Enhanced inhibition of neuronal ferroptosis and regulation of microglial polarization with multifunctional traditional Chinese medicine active ingredients-based selenium nanoparticles for treating spinal cord injury.

作者信息

Mai Luoqi, Liu Jinggong, Wu Huimei, Wang Hongshen, Lin Zhidong, Rao Siyuan, Sun Wenxi, Tan Aowei, Lin Yongpeng, Chen Bolai

机构信息

Guangzhou University of Chinese Medicine, Guangzhou, 510120, China.
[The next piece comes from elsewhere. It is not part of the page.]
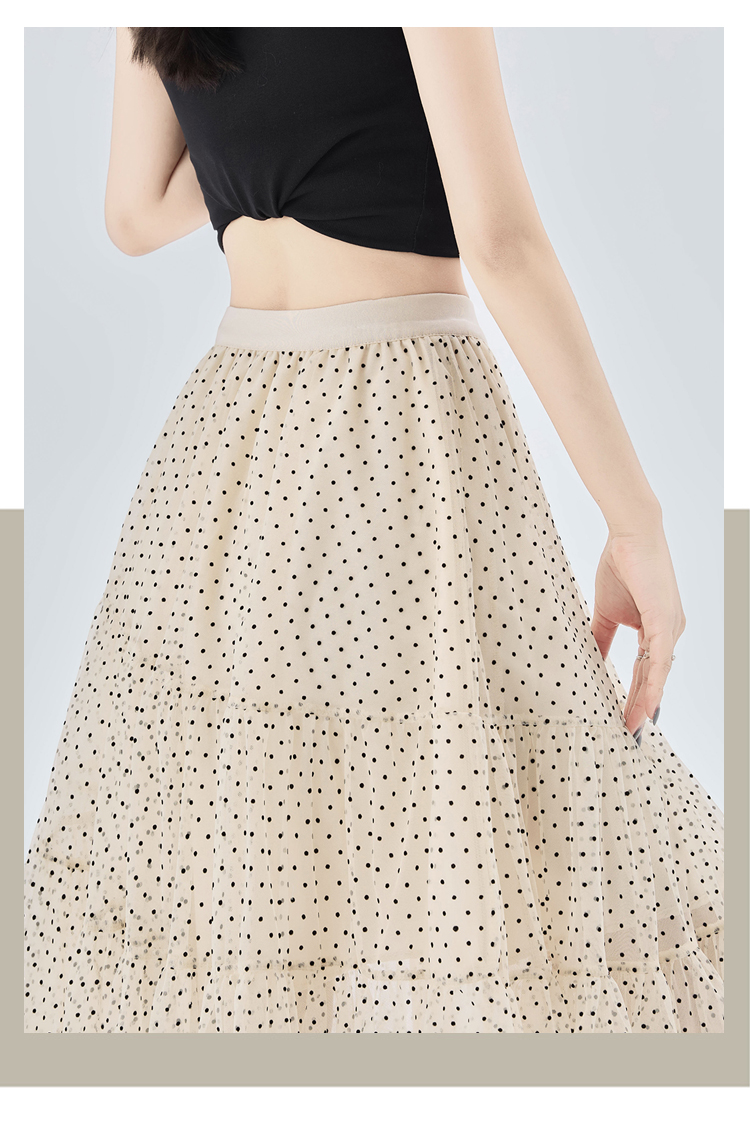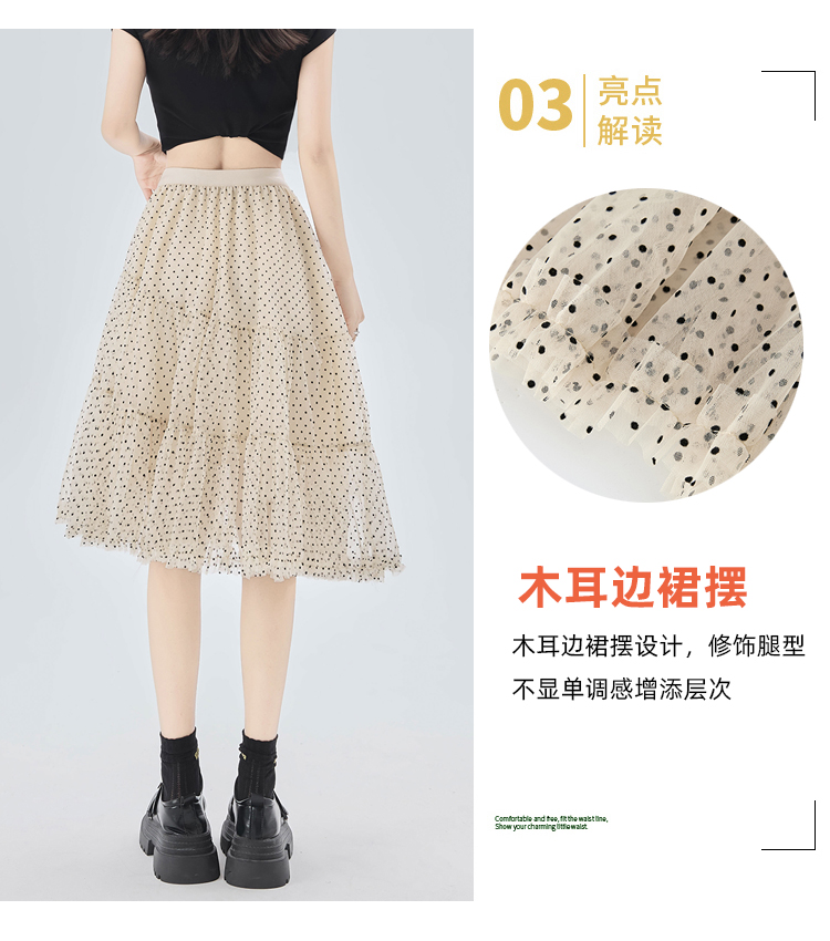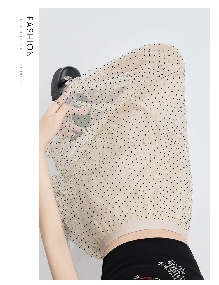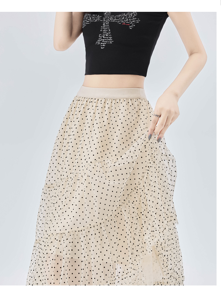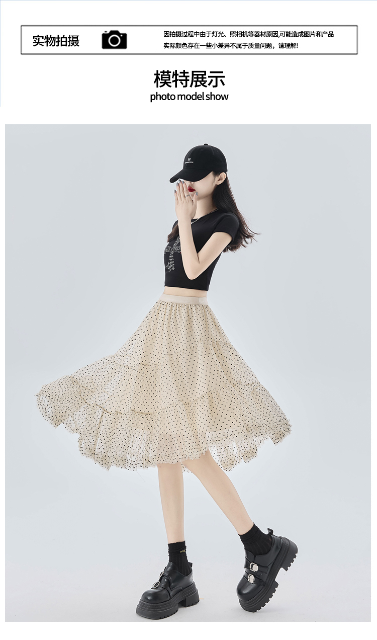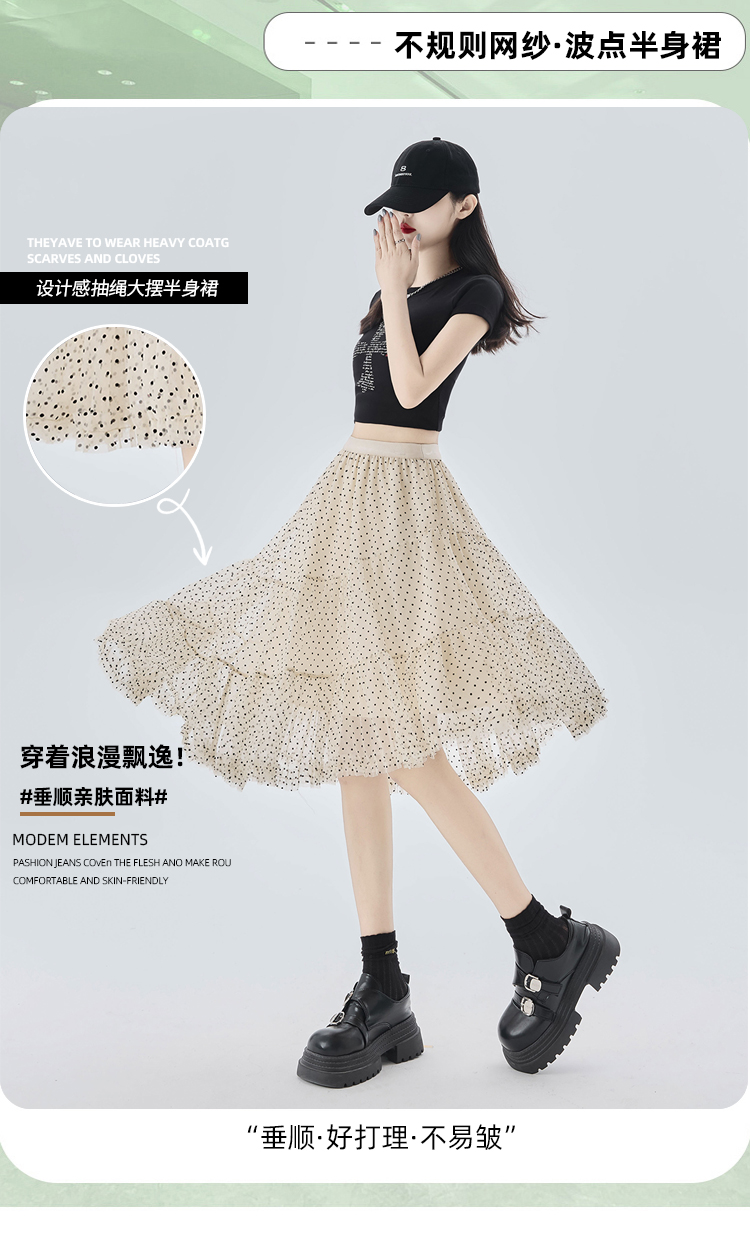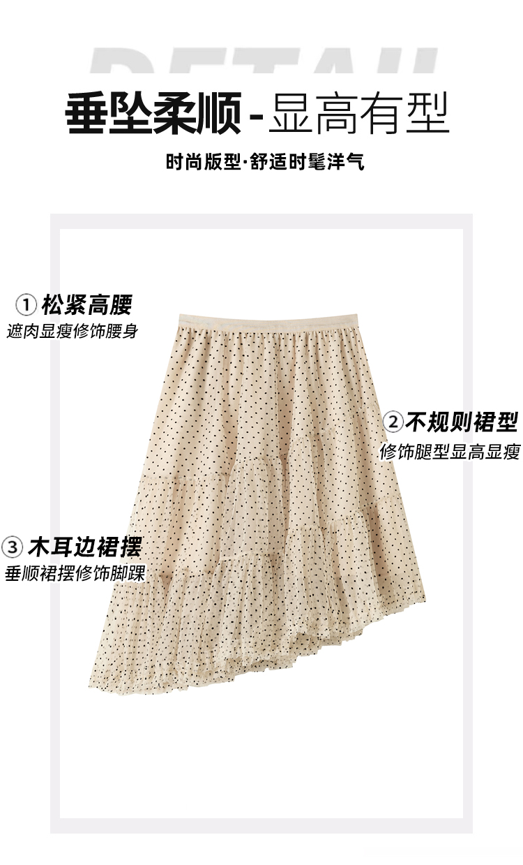 实拍 不规则网纱波点百褶半身裙女夏季高腰显瘦木耳边a字中长裙

State Key Laboratory of Traditional Chinese Medicine Syndrome, The Second Clinical Medical College of Guangzhou University of Chinese Medicine, Guangzhou, 510120, China.

出版信息

Mater Today Bio. 2025 Apr 10;32:101758. doi: 10.1016/j.mtbio.2025.101758. eCollection 2025 Jun.

DOI:10.1016/j.mtbio.2025.101758
PMID:40270889
原文链接:https://pmc.ncbi.nlm.nih.gov/articles/PMC12017924/
Abstract

Spinal cord injury (SCI) is a devastating condition that results in the loss of sensory and motor functions. The complex pathogenesis of SCI contributes to the limited availability of effective therapies. Two major factors exacerbating secondary injury in SCI are neuronal ferroptosis and microglial inflammatory polarization. Tanshinone IIA (TSIIA) has demonstrated a significant anti-ferroptosis effect by inhibiting lipid peroxidation, while tetramethylpyrazine (TMP) exhibits remarkable anti-inflammatory properties by promoting the shift of microglial polarization from the M1 to the M2 phenotype. However, most drugs currently under development primarily target a single aspect of this multifaceted condition, which is insufficient for comprehensive treatment. Selenium nanoparticles have emerged as a promising therapeutic strategy due to their ability to encapsulate various agents, effectively targeting diverse pathophysiological mechanisms while offering favorable water solubility and low toxicity. In this study, we developed a novel nanocarrier functionalized with astragalus polysaccharide (APS) and loaded with TSIIA and TMP. Results from both and studies indicate that TSIIA/TMP/APS@Se NPs possess anti-ferroptosis properties and can regulate microglial polarization, potentially enhancing functional recovery following SCI. In summary, this study presents a promising alternative strategy for treating SCI, highlighting its significant potential for future clinical applications.

摘要

脊髓损伤(SCI)是一种导致感觉和运动功能丧失的毁灭性疾病。SCI复杂的发病机制导致有效治疗方法有限。加剧SCI继发性损伤的两个主要因素是神经元铁死亡和小胶质细胞炎症极化。丹参酮IIA(TSIIA)通过抑制脂质过氧化表现出显著的抗铁死亡作用,而川芎嗪(TMP)通过促进小胶质细胞极化从M1表型向M2表型转变表现出显著的抗炎特性。然而,目前正在研发的大多数药物主要针对这种多方面疾病的单一方面,这对于综合治疗来说是不够的。硒纳米颗粒因其能够包封各种药物,有效靶向多种病理生理机制,同时具有良好的水溶性和低毒性,已成为一种有前景的治疗策略。在本研究中,我们开发了一种用黄芪多糖(APS)功能化并负载TSIIA和TMP的新型纳米载体。体内和体外研究结果均表明,TSIIA/TMP/APS@Se纳米颗粒具有抗铁死亡特性,可调节小胶质细胞极化,可能增强SCI后的功能恢复。总之,本研究提出了一种有前景的治疗SCI的替代策略,突出了其在未来临床应用中的巨大潜力。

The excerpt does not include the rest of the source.